I figure if I'm way overly prepared and get all these jitters out of me right now, then I'll be relaxed and ready come show day. :wink:


----------



## upnover (Jan 17, 2008)

DON'T FORGET YOUR COGGINS! (or is that what you mean by registration papers?)

-water bucket
-chain or something to hang your bucket
-you may need a hose for your water
-general first aid type stuff for your horse (well I guess it would hurt to have some human stuff in there too...)
-boot polish
-folding chairs (oh so conveniant) 


haha, glad you remembered your checkbook! yeah, you'll need that..... :wink:


----------



## Equina (Jul 28, 2007)

upnover said:


> DON'T FORGET YOUR COGGINS! (or is that what you mean by registration papers?)


Eeek! Do you mean proof of a negative coggins test? I don't believe my horse has ever been tested! He has never left our state, and my BO told me it wasn't necessary (for moving him) to have a coggins test. Would it be mandatory for a show (in the same state)? It didn't say anything about it in the show information. It just said you need APHA/AQHA papers to show in APHA/AQHA classes.

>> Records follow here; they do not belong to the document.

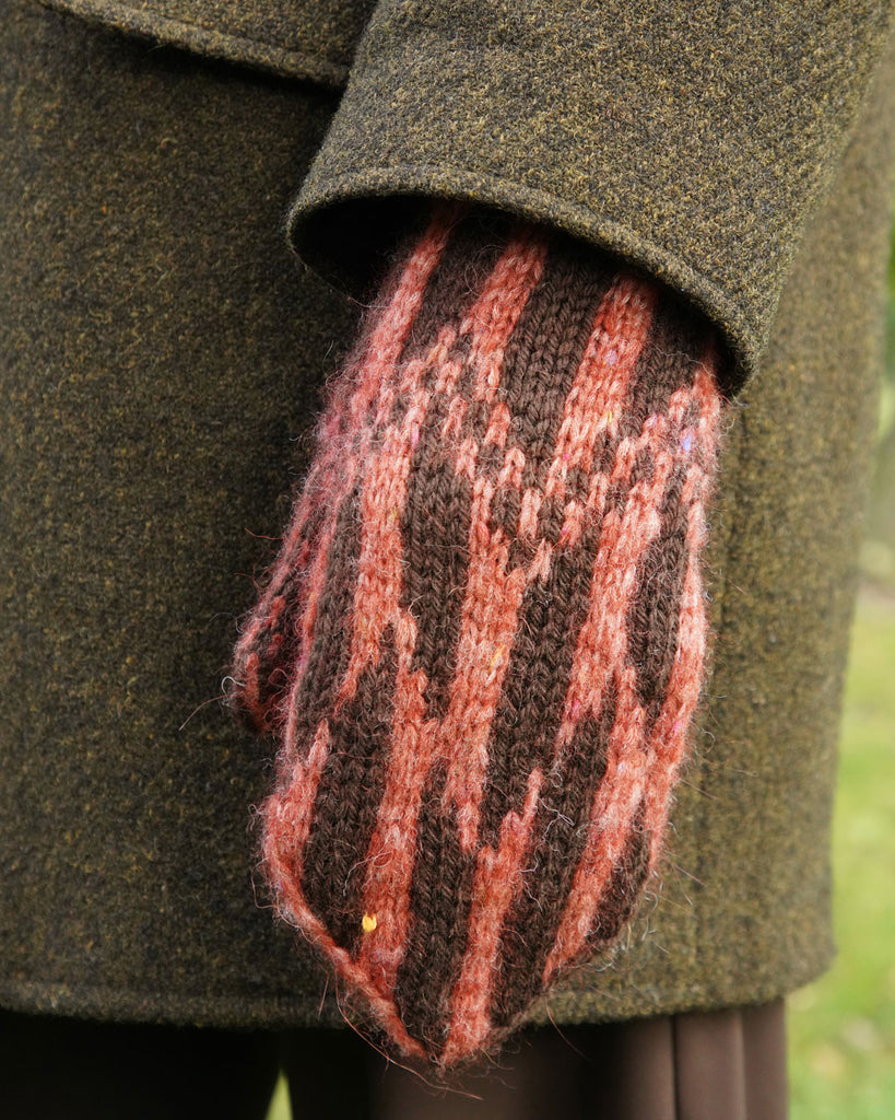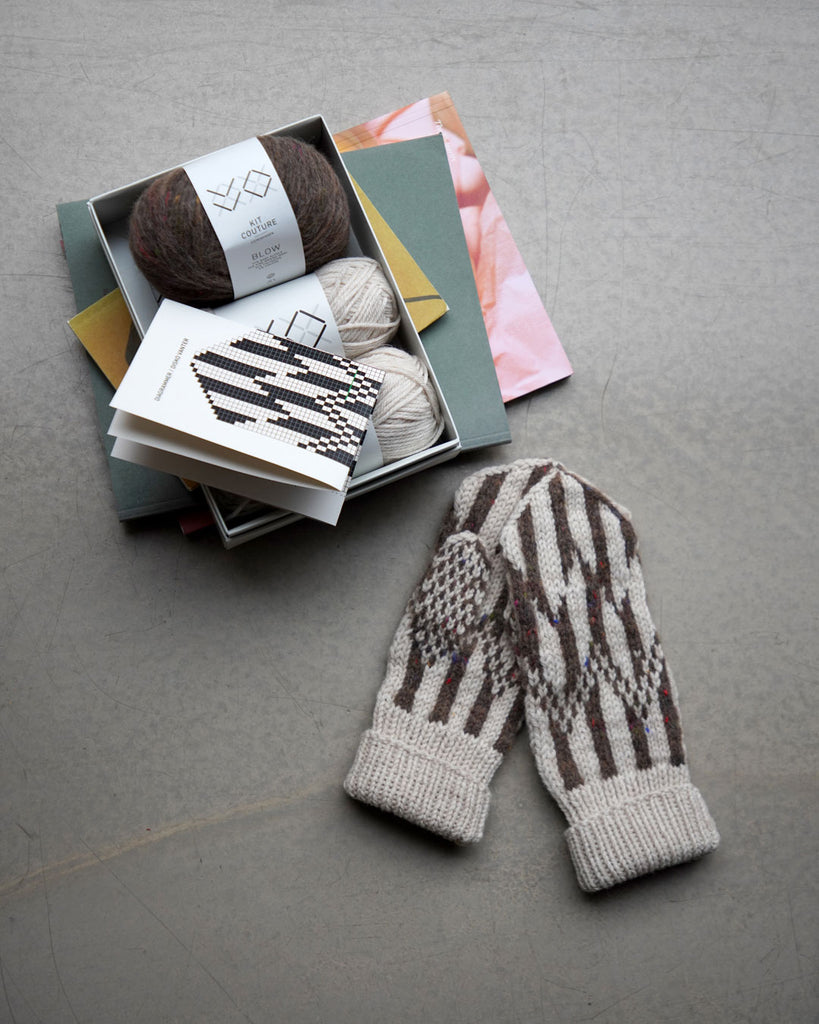 Disko Vanter Blow strikkes i to forskellige kvaliteter: Highland og Blow. Først strikkes en lang ribkant i Highland, hvorefter der strikkes mønster i de to kvaliteter. Der strikkes med dominans, så Blow garnet træder tydeligt frem. Hånden strikkes med en markering i kontrastgarn til tommel, og tommelen strikkes på til slut.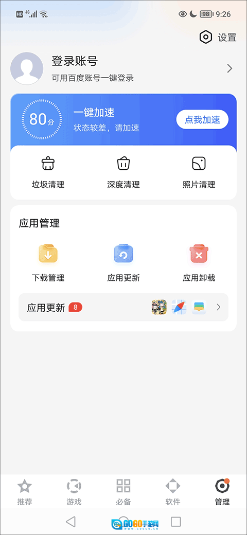 1、打开百度手机助手,进入“管理”页面,找到“设置”按钮。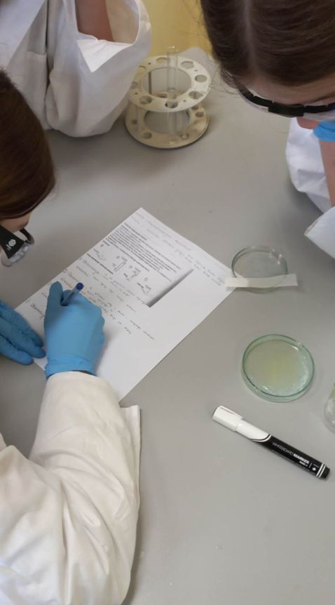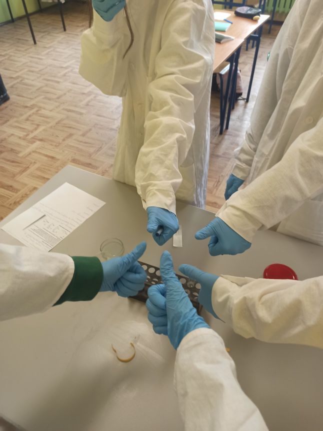 W ostatnim czasie uczniowie klas 8 pracowali laboratoryjnie, wykorzystując fartuchy i okulary, które zostały zakupione z programu ” Laboratoria Przyszłości”. W ramach zajęć chemii badali właściwości fizyczne i chemiczne alkoholu etylowego. Młodzi adepci bardzo dobrze radzili sobie z powierzonym zadaniem i z niezwykłym skupieniem badali zjawisko kontrakcji czy proces denaturacji.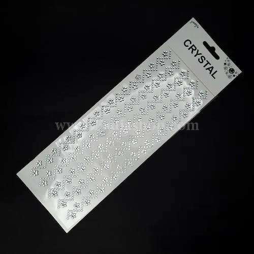 نگین چسبی تزئینی، با پشت خودچسب قوی و طراحی براق، به راحتی بر روی لباس، کیف، کفش، گوشی یا حتی پوست و مو می چسبد و جلوه ای درخشان و حرفه ای به استایل شما می بخشد، 5 ردیف در هر برگ و هر ردیف تعداد 20 عدد گل 5 پر همراه حاشیه زیگزاک.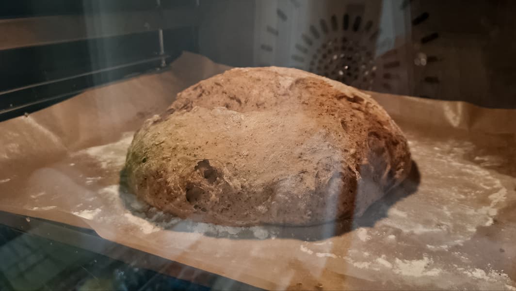 Раз есть авторежим для выпечки хлеба, грех им не воспользоваться. Замешали тесто из цельнозерновой и пшеничной муки с семенами и пшеничными отрубями и отправили в камеру для первой расстойки. Расстойка с паром длилась 50 минут (время мы выставили на свое усмотрение). Тесто подросло, стало очень воздушным, мы аккуратно обмяли его со всех сторон, сформировали будущую буханку, выложили на присыпанную мукой бумагу и вернули в камеру. В парогенератор добавили воды и включили авторежим выпечки хлеба.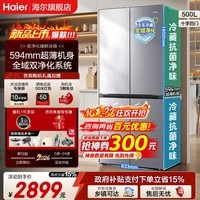 海尔冰箱【小红花系列】十字四开门500升 双开门深度60cm以下超薄一级能效大容量无霜电冰箱家用 全域黑金净化丨594mm超薄丨AI变频科技 【小红花系列】2026年新款丨500升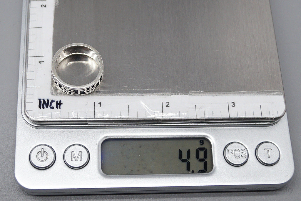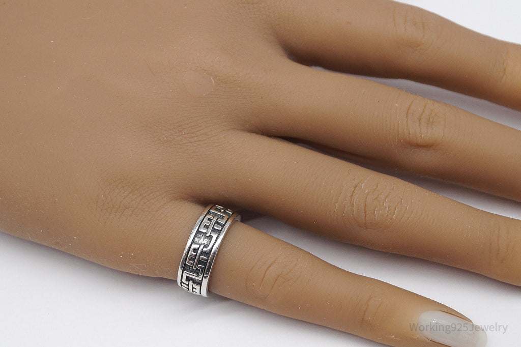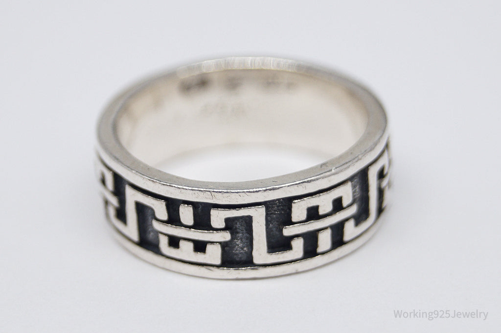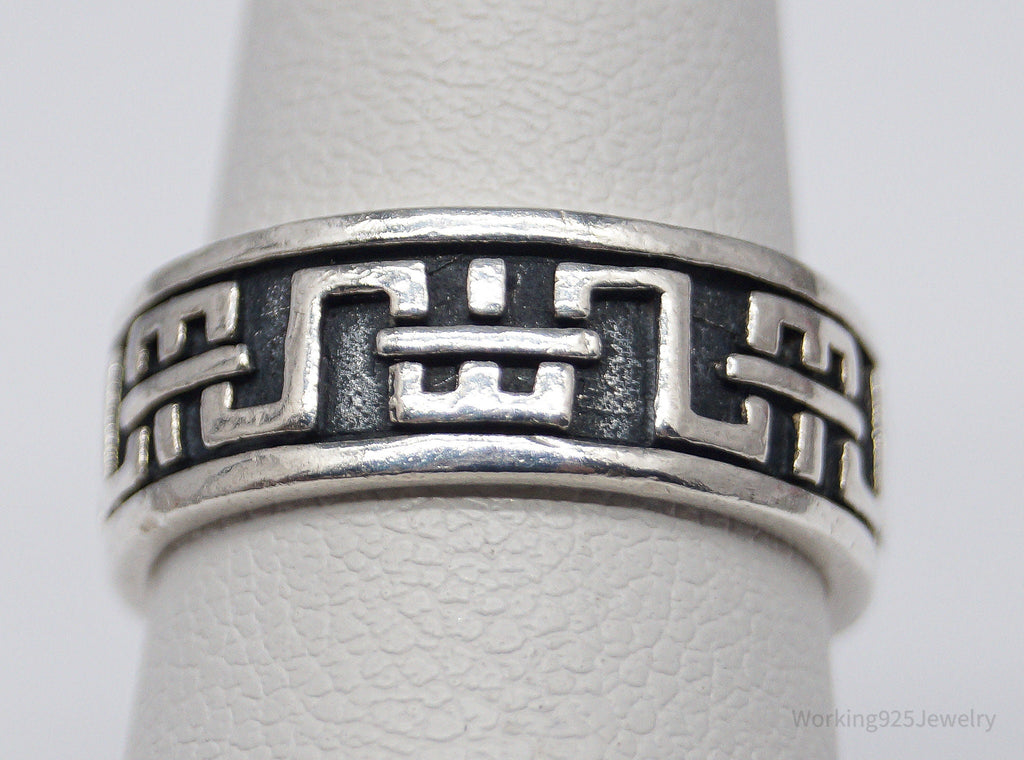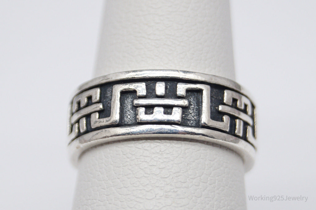 Vintage Aztec Motif Sterling Silver Band Ring - Size 5.5

My vet is coming out Thursday for teeth floating...do I need a coggins test too?


----------



## JustDressageIt (Oct 4, 2007)

- Hoof shine!


----------



## upnover (Jan 17, 2008)

it might depend on where you are! for all of the shows I've gone to (even schooling ones) they're mandatory! although the h/j schooling shows they've never asked for them. But the schooling dressage shows actually ask for a copy with your entry form. And the rated shows you actually have to show it to them to sign in. it might depend on your state. but i'd ask the show!!


----------



## upnover (Jan 17, 2008)

the test is pretty cheap though. like $25 or something? and takes a few days to get the results back.


----------



## Miss Katie (Dec 30, 2007)

baby oil for the tail ( if its legal for your classes)
powder for white socks
clippers to touch up, scissors
twine!!!!


----------



## FGRanch (Feb 9, 2008)

Oh gooness, ready thru this makes me glad that I'm not showing!


----------



## PoptartShop (Jul 25, 2010)

^LOL FGR! :lol:
This is really informative, very good list!


----------



## kickshaw (May 7, 2008)

BLACK ELECTRICAL TAPE!!!

If it's just a one-day show, you probably won't need the following, but if it's a multi-day show it wouldn't hurt: 

bute
ace and/or banamine
(just in case)

*For the Trailer/ Tack Stall*
buckets
hose
fly masks (to protect their eyes from debris while trailering)
hay
muck fork
broom
water container with water from home in it (you can mix it with the show water, and they'll drink it - - also, you can add peppermints to their water at home and add them at the show )
shipping boots 
extra lead lines
bailing twine (to hang buckets)
bleach (if it's a dirty stall - just scrub it down!)
extension cords
sweat scraper

*For the Rider:*
clothes
make up
mirror (!)
brushes for your hair
safety pins!
gloves
hat
whip/ spurs (if you use them)
shoe polish
bobby pins
hairspray that holds like glue
umbrella/poncho

*For the horse: *
Coggins - a definite around here!
cooler/ sheet
treats  
hoof black/ hoof white (we show saddlebreds - - white foot = white shoe polish (then let dry) and paint over with clear)
show sheen/ baby oil
vaseline for the face and ears
lots of extra rags
tack - always bring 2 saddlepads in case one gets dirty (if it's white)
general first aid ointment
fly spray
brushes


----------



## farmpony84 (Apr 21, 2008)

Powder for white socks? Oh no no! spray paint for sure, for black socks and white socks, and pepe for shine! Oh and don't forget the BBQ grill! (we always bring a charcoal grill - yum yum!)


----------



## arastangrider (Jan 5, 2008)

I know in oregon that you don't have to have the test uless you are leaving the state


----------



## lovemyponies (Jul 26, 2008)

In florida I believe you must have coggins anytime you trailer a horse


----------



## jacken around (Oct 14, 2008)

What are Coggins? We dont need any papers to trailer our horses here,


----------



## DixiesPaintedNova (Nov 18, 2008)

umm dont forget bobby pins.
safety pins
extra pony tails,
water for you.
maybe something to listen to, to keep your mind off things.


----------